Mixing In Stereo: How To Mix The Stereo Image

One of the things a producer should have in mind when producing is how their song/beat/remix (or whatever it is that you are doing) ought to sound in space. What do you want for your listener and how do you want them to experience your music?

In this article, you will learn a little bit more about mixing in stereo and how to get the results you aim for. The stereo image is defined as a difference between left and right or mid and sides. Mid is the center aka the center of the mixing space and the sides are, naturally – left and right.

People listen in stereo. A simple example of this is that you have two ears. Left and right. Not every song has symmetrical sound on the left side and the right side. Sometimes, in a song, you might hear some vocal only on the left, or a guitar only on the right etc.

If something is a bit louder on one of the sides, you might get an impression of the sound coming from that side, or if the volume is the same on both sides, you will get an impression of the sound coming from the center. So, to conclude – by placing different sounds on different sides you will get a much wider image.

The easiest way to achieve this is through panning! Move the knob to the left or the right to move the sound – it’s that simple! Of course, there is a proper way to mixing in stereo. If you listen closely to most of the songs, they all have something in common, and that is the panning of certain instruments.

Low Frequencies

Low frequencies (such as drums or bass) are placed in the middle of the mix. That way you make space for other high and middle frequencies on the sides, so your mixes won’t sound distorted. For example, if you are recording your drums and you are using kicks, snares, and toms.

Center kicks and snares as they are the parts that enhance the rhythm and energize the listener the most. Depending on how many toms you are using, do them justice.

Always center one of them and play around with other ones as it depends on how wide you want your mix to be. Other drums such as percussions or overheads are intended to give to a listener the effect of the ambient.

Just imagine the real drums and their position. Kick is in the middle; the snare is beside the kick. Hats are on the sides, crash as well. Toms are not strictly in the middle, but little bit moved etc.

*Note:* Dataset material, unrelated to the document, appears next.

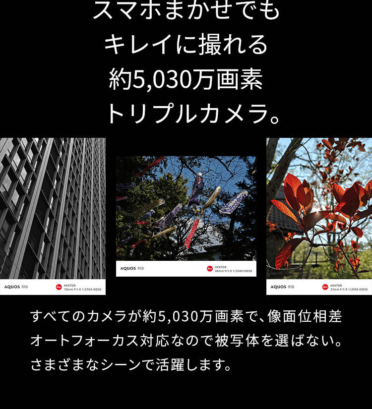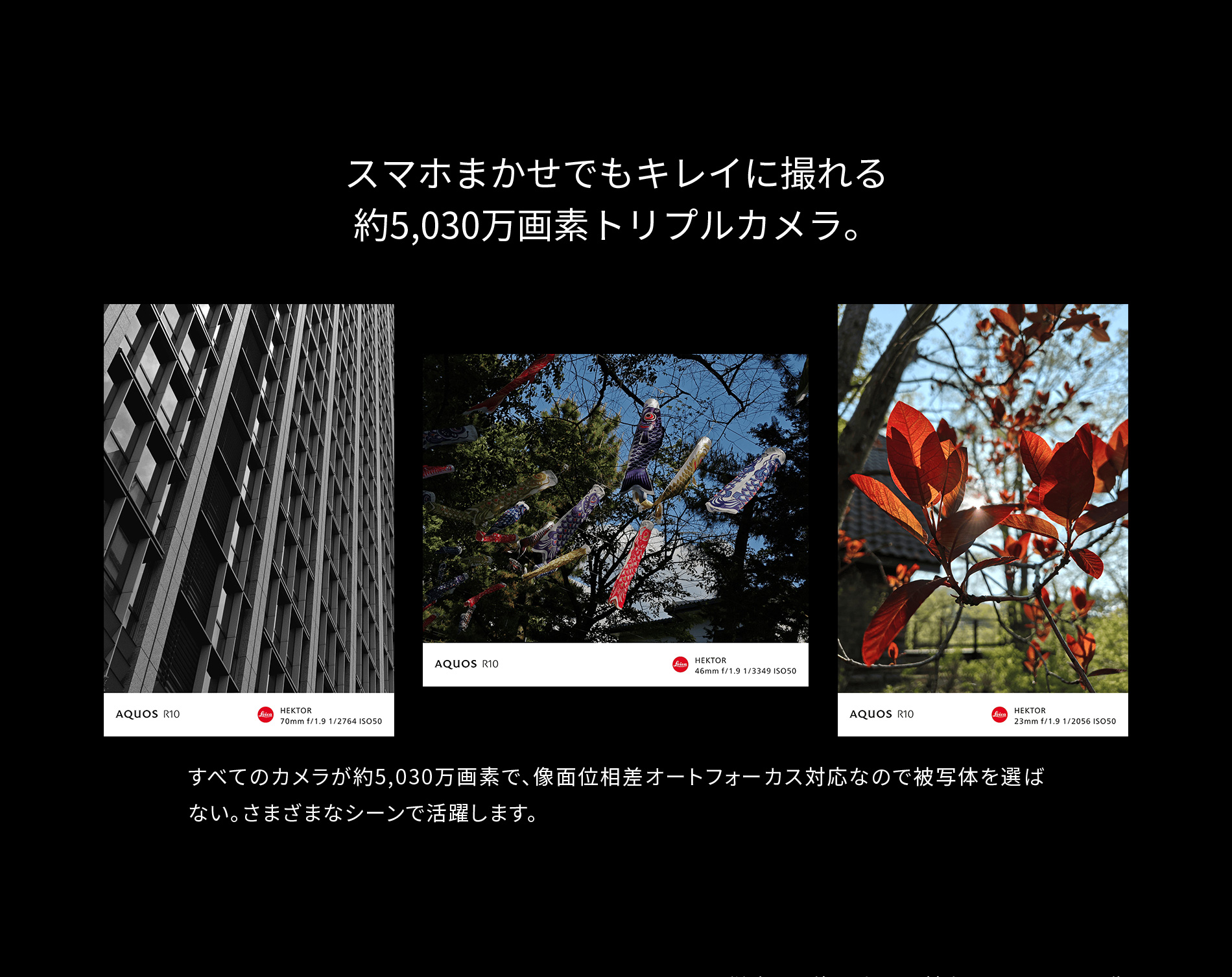 すべてのカメラが約5,030万画素で、像面位相差オートフォーカス対応なので被写体を選ばない。さまざまなシーンで活躍します。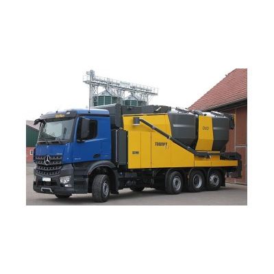 The TOURMIX 02-VE with the 4.5 ton weighing mixer is the basic model of the new series. It works according to the proven Buschhoff system. As soon as the coarse meal has the structure defined by the screen, it is pneumatically transferred to the combination valve and then into the mixer. Rolled feed is also transferred pneumatically to the valve which guarantees a smooth transfer of the rolled materials. The results are an even feed structure and best performance.. Immediately after processing, the feed structure can be checked by taking samples. Further feed components which need not be processed - for example coarse soy meal - can be conveyed directly into the mixer.

mixing in stereo instruments panning

Higher Frequencies

With other instruments, you are able to experiment much more. Let’s use a guitar as an example. The guitar is a great way to add depth to your mix!

Also read: 3 Steps For A Wider Guitar In The Mix

Doubling instruments like this will enhance the sound and add the richness you are looking for. Try and record the same part with capo on it or a different microphone (if you are recording other instruments, try and adjust the velocity etc.), center original recording and pan others to sides – you will get a perfect blend of the instrument in a song and more professional sound.

Another way to do the same, instead of recording with two instruments of the same kind, is to run tracks through different amps or settings. So to summarize, use the same melody, place the original recording to the center and use different variations on the instrument (change velocity, add different compressors etc.) on the sides.

That way you are getting that stereo effect you want and avoiding the phase cancellation. If two parts are exactly the same and you pan them (one right, one left) you will end up with a mono sound.


At the end of this, some instruments might act the best in mono! Not everything has to be panned and stereo-ized. If the mix is too wide, you might end up getting a muddy track. Do the justice to your mix and treat it the right way. If you have a strong feeling about the pad being mono, leave it mono!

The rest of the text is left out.